PROBLEM: Write out only the opening lines of the entries, through the line with "리눅스 서버와, 윈도우 서버 둘을 가상으로".

[[ PROVIDED ENTRIES, beginning ]]

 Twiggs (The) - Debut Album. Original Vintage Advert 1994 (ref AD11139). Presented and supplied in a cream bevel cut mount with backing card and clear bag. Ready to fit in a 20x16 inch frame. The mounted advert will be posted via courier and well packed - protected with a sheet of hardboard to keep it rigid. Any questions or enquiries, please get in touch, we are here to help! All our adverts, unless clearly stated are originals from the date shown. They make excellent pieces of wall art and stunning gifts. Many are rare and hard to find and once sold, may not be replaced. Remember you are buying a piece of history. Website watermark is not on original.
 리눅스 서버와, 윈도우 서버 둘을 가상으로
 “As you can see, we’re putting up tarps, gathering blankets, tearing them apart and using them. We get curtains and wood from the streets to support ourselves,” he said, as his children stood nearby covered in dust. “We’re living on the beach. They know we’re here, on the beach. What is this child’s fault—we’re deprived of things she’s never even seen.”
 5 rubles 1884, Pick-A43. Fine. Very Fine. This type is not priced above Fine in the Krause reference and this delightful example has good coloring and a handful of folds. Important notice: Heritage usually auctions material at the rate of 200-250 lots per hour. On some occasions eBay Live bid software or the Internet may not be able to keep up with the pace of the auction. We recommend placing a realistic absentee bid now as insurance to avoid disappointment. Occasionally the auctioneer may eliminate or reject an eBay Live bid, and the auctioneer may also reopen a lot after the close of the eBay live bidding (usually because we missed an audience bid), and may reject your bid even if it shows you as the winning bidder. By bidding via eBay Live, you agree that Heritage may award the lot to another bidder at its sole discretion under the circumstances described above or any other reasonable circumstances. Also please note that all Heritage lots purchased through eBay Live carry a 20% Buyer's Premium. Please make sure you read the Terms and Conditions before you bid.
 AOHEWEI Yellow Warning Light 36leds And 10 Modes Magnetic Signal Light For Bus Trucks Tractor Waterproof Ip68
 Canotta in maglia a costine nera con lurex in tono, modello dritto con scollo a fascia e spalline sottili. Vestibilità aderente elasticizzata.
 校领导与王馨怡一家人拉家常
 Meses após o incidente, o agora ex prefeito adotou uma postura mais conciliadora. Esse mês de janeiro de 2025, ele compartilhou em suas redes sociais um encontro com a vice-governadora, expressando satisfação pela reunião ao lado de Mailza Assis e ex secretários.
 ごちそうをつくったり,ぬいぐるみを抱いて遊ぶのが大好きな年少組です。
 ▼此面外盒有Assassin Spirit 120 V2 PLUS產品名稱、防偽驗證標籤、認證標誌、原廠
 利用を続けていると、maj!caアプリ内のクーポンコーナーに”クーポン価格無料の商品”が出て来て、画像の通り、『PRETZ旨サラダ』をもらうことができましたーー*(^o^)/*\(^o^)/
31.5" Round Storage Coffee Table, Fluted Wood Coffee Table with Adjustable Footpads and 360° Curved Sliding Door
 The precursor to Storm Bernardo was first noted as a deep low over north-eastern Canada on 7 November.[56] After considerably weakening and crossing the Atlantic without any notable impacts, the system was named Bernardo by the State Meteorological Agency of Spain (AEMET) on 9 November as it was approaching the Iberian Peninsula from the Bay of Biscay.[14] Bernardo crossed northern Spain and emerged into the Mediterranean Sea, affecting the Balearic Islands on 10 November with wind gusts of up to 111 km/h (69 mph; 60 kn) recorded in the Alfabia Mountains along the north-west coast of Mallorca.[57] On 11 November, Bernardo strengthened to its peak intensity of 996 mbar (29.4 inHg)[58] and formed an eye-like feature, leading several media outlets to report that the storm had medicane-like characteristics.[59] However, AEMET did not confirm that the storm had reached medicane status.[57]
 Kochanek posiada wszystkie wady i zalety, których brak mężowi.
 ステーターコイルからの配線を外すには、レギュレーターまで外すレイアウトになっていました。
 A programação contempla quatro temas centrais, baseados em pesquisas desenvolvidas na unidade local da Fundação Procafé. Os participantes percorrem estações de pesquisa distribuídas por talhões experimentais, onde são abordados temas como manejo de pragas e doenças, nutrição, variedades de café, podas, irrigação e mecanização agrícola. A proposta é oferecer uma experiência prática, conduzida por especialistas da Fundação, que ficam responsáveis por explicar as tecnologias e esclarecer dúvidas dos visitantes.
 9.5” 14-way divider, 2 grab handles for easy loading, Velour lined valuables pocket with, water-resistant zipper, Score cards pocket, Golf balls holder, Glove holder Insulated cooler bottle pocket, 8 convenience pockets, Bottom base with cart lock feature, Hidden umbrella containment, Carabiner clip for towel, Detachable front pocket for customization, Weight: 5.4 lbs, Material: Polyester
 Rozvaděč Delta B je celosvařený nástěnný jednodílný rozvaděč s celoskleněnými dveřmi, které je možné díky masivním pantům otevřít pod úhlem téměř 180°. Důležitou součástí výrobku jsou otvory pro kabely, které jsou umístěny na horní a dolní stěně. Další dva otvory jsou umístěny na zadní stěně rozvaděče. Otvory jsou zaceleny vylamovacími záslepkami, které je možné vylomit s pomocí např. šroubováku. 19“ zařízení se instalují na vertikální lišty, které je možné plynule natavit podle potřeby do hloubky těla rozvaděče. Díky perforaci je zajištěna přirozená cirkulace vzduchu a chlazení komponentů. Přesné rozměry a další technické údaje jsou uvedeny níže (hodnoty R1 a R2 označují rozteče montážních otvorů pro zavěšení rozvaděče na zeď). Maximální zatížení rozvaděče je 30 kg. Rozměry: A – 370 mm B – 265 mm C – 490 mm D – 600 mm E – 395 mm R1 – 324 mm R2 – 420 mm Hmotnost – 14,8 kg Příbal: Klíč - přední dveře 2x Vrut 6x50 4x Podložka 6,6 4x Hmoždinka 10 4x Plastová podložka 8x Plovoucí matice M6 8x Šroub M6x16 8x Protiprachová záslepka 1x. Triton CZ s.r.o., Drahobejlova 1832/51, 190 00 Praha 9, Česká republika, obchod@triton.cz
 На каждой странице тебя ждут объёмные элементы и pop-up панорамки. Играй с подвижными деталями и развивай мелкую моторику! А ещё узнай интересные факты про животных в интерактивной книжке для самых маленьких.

[[ PROVIDED ENTRIES, end ]]

ANSWER FOR THIS EXERCISE:
 Twiggs (The) - Debut Album. Original Vintage Advert 1994 (ref AD11139). Presented and supplied in a cream bevel cut mount with backing card and clear bag. Ready to fit in a 20x16 inch frame. The mounted advert will be posted via courier and well packed - protected with a sheet of hardboard to keep it rigid. Any questions or enquiries, please get in touch, we are here to help! All our adverts, unless clearly stated are originals from the date shown. They make excellent pieces of wall art and stunning gifts. Many are rare and hard to find and once sold, may not be replaced. Remember you are buying a piece of history. Website watermark is not on original.
 리눅스 서버와, 윈도우 서버 둘을 가상으로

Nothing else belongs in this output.